Aunt Bev keeled over dead just before Tom’s thirteenth birthday. Lester, after giving the boy his entire library of two thousand books, and after burning all of Bev’s paintings at the city dump, headed back to California, perhaps to resume his political work. From then on, when Tom’s parents went out of town, they let him stay by himself in the house in Mud Creek. He was a quiet boy, without friends who might lead him astray, and he was responsible, as his father liked to put it, to a fault. They had no qualms about leaving him alone. Virgil gave him two extra-wide, dark blue matchbooks, each embossed—in letters and figures of glittering silver—with a name, an address, and a phone number. One matchbook was from the Paradise Hotel in Kansas City, the other from the Western Swing Bar, Grill and Motor Hotel in San Antonio. In case of emergency, Virgil said, he and Molly could always be reached at one or the other of these establishments. Tom recalled that identical matchbooks had been fastened to the wall next to the phone at Bev and Lester’s house.

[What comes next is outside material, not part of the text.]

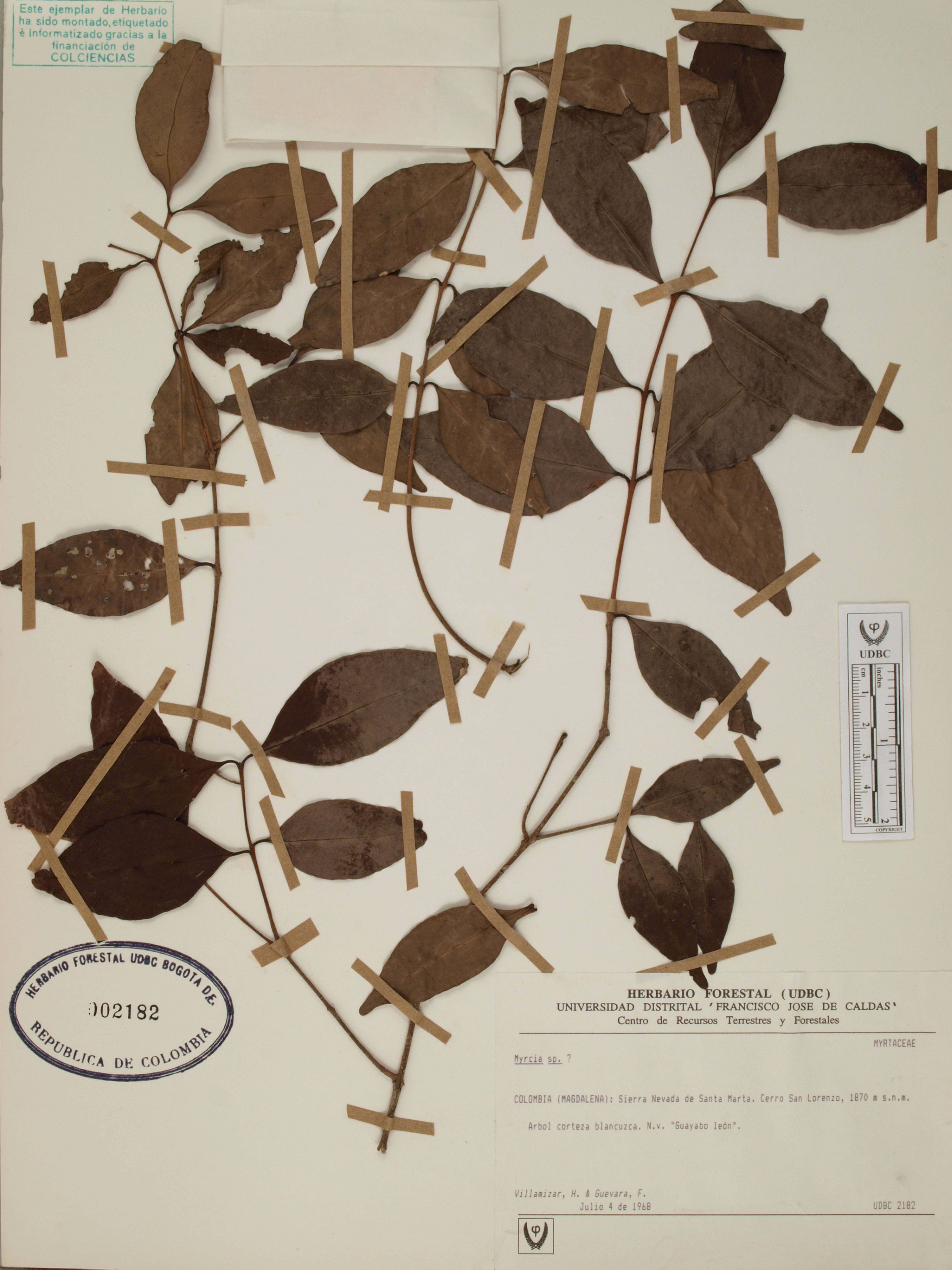 Fotografía del ejemplar Villamizar, H., determinado como Myrcia sp.

When he found out they only visited two cities, Tom realized he could tell where his parents had been by the records Molly played when they returned. Jazz or boogie-woogie meant Kansas City; country meant San Antonio—or, as Virgil sometimes called it, imitating the high-pitched voice of Bob Wills, San-NAN-tone. One time when he said this, he attempted a little dance step, a kind of turn, but caught his clubfoot in the rug and fell to the floor. Virgil laughed and pretended to have done it on purpose; Tom and Molly pretended to believe him.

***

On his first couple of weekends by himself, Tom, as his parents had expected he would, spent his time reading. On the third weekend, without planning to do so, he made a systematic search of their closets and drawers. Within two hours he had discovered hidden caches of liquor, French and Turkish cigarettes, condoms, sex manuals, and pornography, consisting mainly of tiny eight-page books of cartoon characters fucking and big glossy photographs of real people doing the same thing. Tom had never, at this time, seen his parents drink or smoke, but he was not exactly surprised to learn that they had such habits. Kids at school had talked of making similar discoveries in their own houses. It went with being a Baptist. And he knew that Virgil and Molly engaged in sex. He knew it in the abstract, and also from noises he heard at night. What did surprise and thrill him was their apparent depth of interest in a subject that he too—driven by puberty’s relentless demands—had become desperately curious about.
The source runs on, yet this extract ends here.